» **Recorded data**:
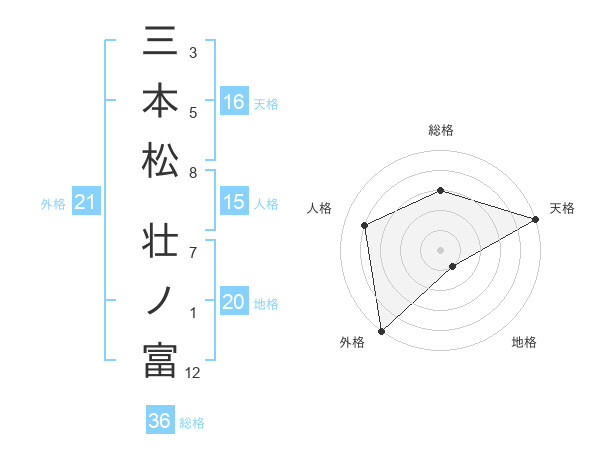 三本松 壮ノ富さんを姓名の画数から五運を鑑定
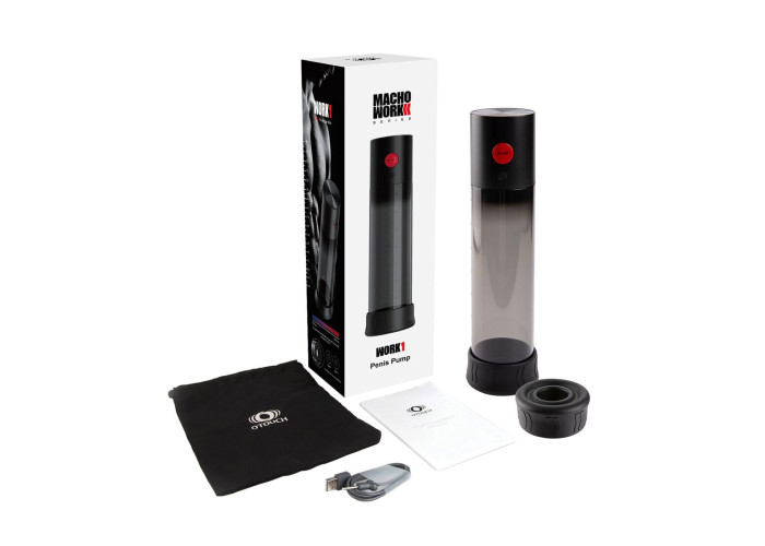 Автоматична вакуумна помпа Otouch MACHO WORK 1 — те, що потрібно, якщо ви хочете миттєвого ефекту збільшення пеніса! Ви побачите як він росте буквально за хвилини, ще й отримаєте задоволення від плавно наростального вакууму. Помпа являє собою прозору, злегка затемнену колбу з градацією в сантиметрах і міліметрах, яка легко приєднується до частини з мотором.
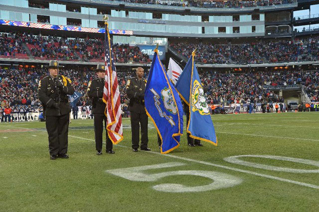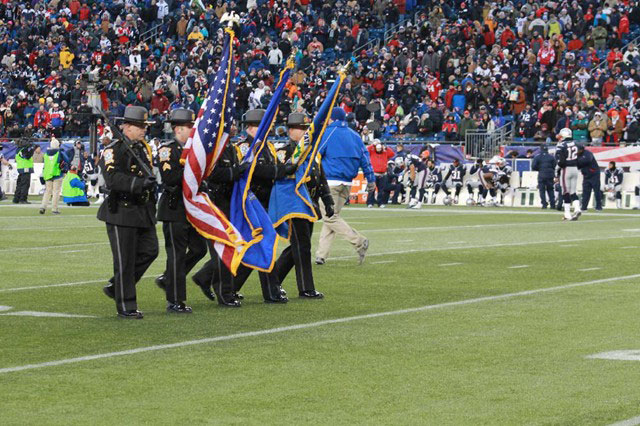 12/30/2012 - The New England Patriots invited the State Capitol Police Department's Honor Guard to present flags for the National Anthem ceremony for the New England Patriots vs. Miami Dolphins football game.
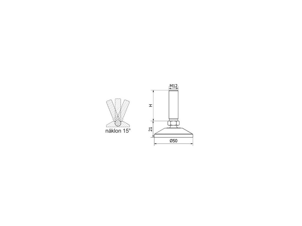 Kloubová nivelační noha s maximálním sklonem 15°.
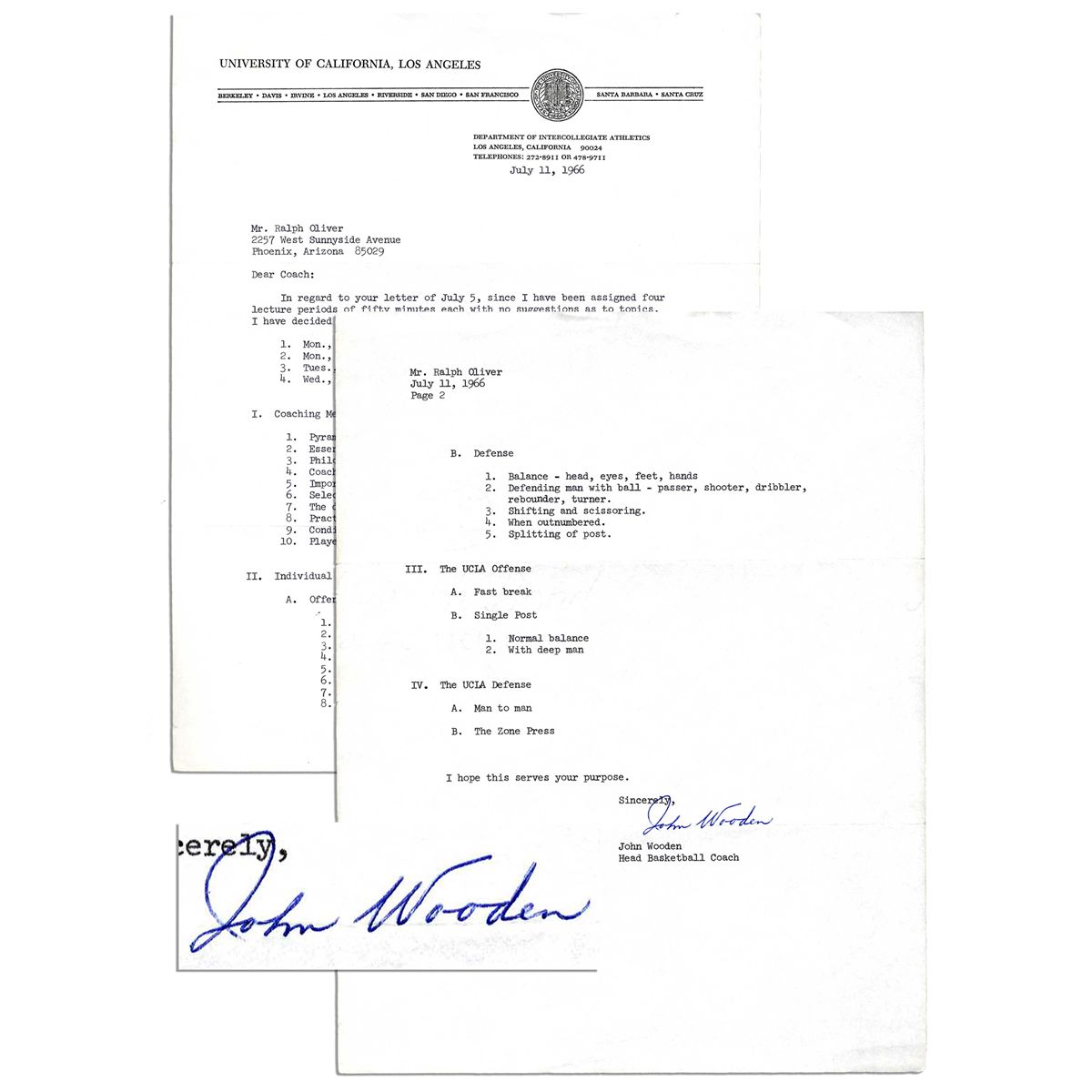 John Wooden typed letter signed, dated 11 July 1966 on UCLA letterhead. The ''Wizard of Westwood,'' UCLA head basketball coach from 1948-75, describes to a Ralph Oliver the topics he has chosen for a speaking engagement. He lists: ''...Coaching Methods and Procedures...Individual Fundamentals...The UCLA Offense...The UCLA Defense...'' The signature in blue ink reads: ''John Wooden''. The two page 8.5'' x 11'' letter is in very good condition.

» **EXERCISE**:
An exact copy of the lines from the one with "Kloubová nivelační noha" through the end of the records: produce that and nothing more, leaving out the pictures.

» **EXERCISE OUTPUT**:
 Kloubová nivelační noha s maximálním sklonem 15°.
 John Wooden typed letter signed, dated 11 July 1966 on UCLA letterhead. The ''Wizard of Westwood,'' UCLA head basketball coach from 1948-75, describes to a Ralph Oliver the topics he has chosen for a speaking engagement. He lists: ''...Coaching Methods and Procedures...Individual Fundamentals...The UCLA Offense...The UCLA Defense...'' The signature in blue ink reads: ''John Wooden''. The two page 8.5'' x 11'' letter is in very good condition.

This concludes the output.